For a man writing after World War One, this theme may strike the modern reader as repugnant. However, Mr. Eddison was writing not for modern men, but in homage to longdead pagan demigods like Achilles and Ajax, and mighty Hector.

On the other hand, the essential melancholy of paganism is missing from this work, so the reader should not expect anything more profound than a glorification of warfare and the warrior ethic. This is a flaw only in the sense that comic books and pulps are flawed. A work meant to have no deeper meaning is not flawed when it is seen to have no deeper meaning.
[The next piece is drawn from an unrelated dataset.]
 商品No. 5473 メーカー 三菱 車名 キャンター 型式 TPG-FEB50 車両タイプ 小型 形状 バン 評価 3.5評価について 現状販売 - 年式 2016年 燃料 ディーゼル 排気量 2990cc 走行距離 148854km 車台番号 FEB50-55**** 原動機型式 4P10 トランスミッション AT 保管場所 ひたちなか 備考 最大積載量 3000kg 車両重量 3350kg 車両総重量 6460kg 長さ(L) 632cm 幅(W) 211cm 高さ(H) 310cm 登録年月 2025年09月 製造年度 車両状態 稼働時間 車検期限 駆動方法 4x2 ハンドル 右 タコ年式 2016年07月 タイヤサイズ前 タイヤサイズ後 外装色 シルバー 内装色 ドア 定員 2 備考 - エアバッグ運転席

Third, some critics wag their heads at how much more character and personality the black-hearted villains have than the high-hearted heroes. For their taste, flawless goodness and heroism are drawbacks.
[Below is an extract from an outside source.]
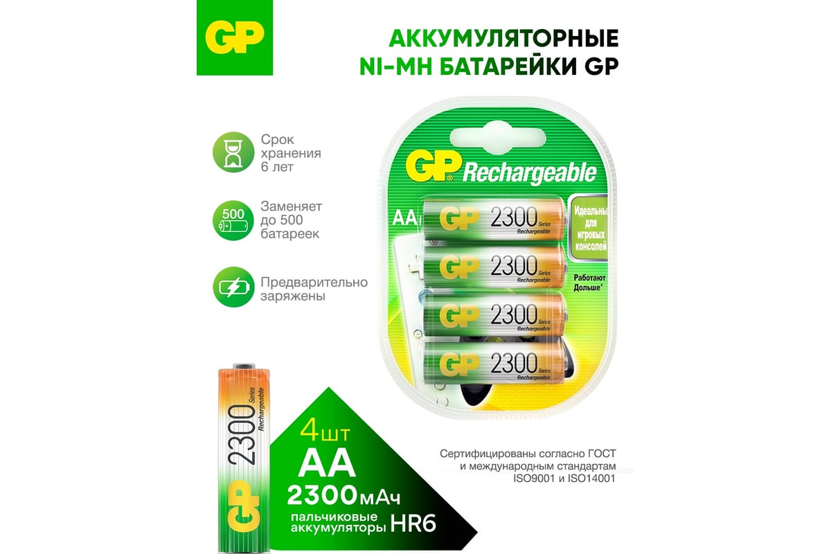 Перезаряжаемые аккумуляторы GP 230AAHC AA, емкость 2300 мАч - 4 шт. 230AAHC-2DECRC4 GP 230AAHC-2DECRC4 идеально подходят для использования в компьютерных мышках, клавиатурах, детских игрушках, часах, радиоприборах и других бытовых устройствах.

Here, both heroes and villains here are larger than life. The villains are treacherous, or lustful, or drunks, or vain, and at least one of them traffics with hellish powers with tragic result. But any who say that the wrathful Spitfire, and dandified but deadly Brandoch Daha, or the strong-thewed Goldry lack character and depth merely suffer a personal blindness. There is a certain kind of reviewer who reads PARADISE LOST and thinks Lucifer in his boastful wretchedness is the hero.

A fourth point is the use of names, selected indifferently from various nations, or pure imagination, with more exuberance than sense. For example, the kin of Goldry Bluszco are named Spitfire and Brandoch Daha. The first has a distinctively Slavic spelling, the next is English, and the third sounds vaguely Celtic.
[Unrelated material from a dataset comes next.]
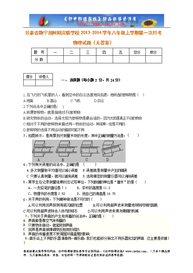 甘肃省静宁县阿阳实验学校2013-2014学年八年级上学期第一次月考物理试题(无答案)

The names of the nations and races are taken directly from nursery tales, but none of the persons involved in the least resemble their namesakes, save that the Demons from Demonland have horns on their heads (which are mentioned in Chapter One and never again). So we are introduced to Witches, Imps, Pixies, Goblins and Ghouls, none of which has the least connection with anything those words suggest to the reader: all are tall and stalwart men or strikingly beautiful women. The Demons, by the way, are the good guys.

Some readers find this too distracting to overcome. Contrariwise, I find it is no worse than Tolkien using the word ‘elf’ to refer to beings much taller and fairer than Robin Goodfellow from Shakespeare or Hermey the Dentist from Rakin & Bass.

And, unlike the less jarring place-names used by E.R. Eddison in his other books, I have no trouble remembering these.

Again, the action is set on Mercury, which is visited in a dream by a man named Lessingham, who flies thither on a winged chariot pulled by a hippogriff. This so called Mercury has the trees and beasts and birds of Earth, and Earth’s moon shines on it, and classical gods from Olympus rule here, as well as beasts merely fabled on Earth dwell here, such as the cockatrice or hippogriff.

Contrariwise, I assume this is this is alchemical version of Mercury, the land of the pagan god of magic, and is no more like the scientific view of Mercury than Lord Juss is like a Demon.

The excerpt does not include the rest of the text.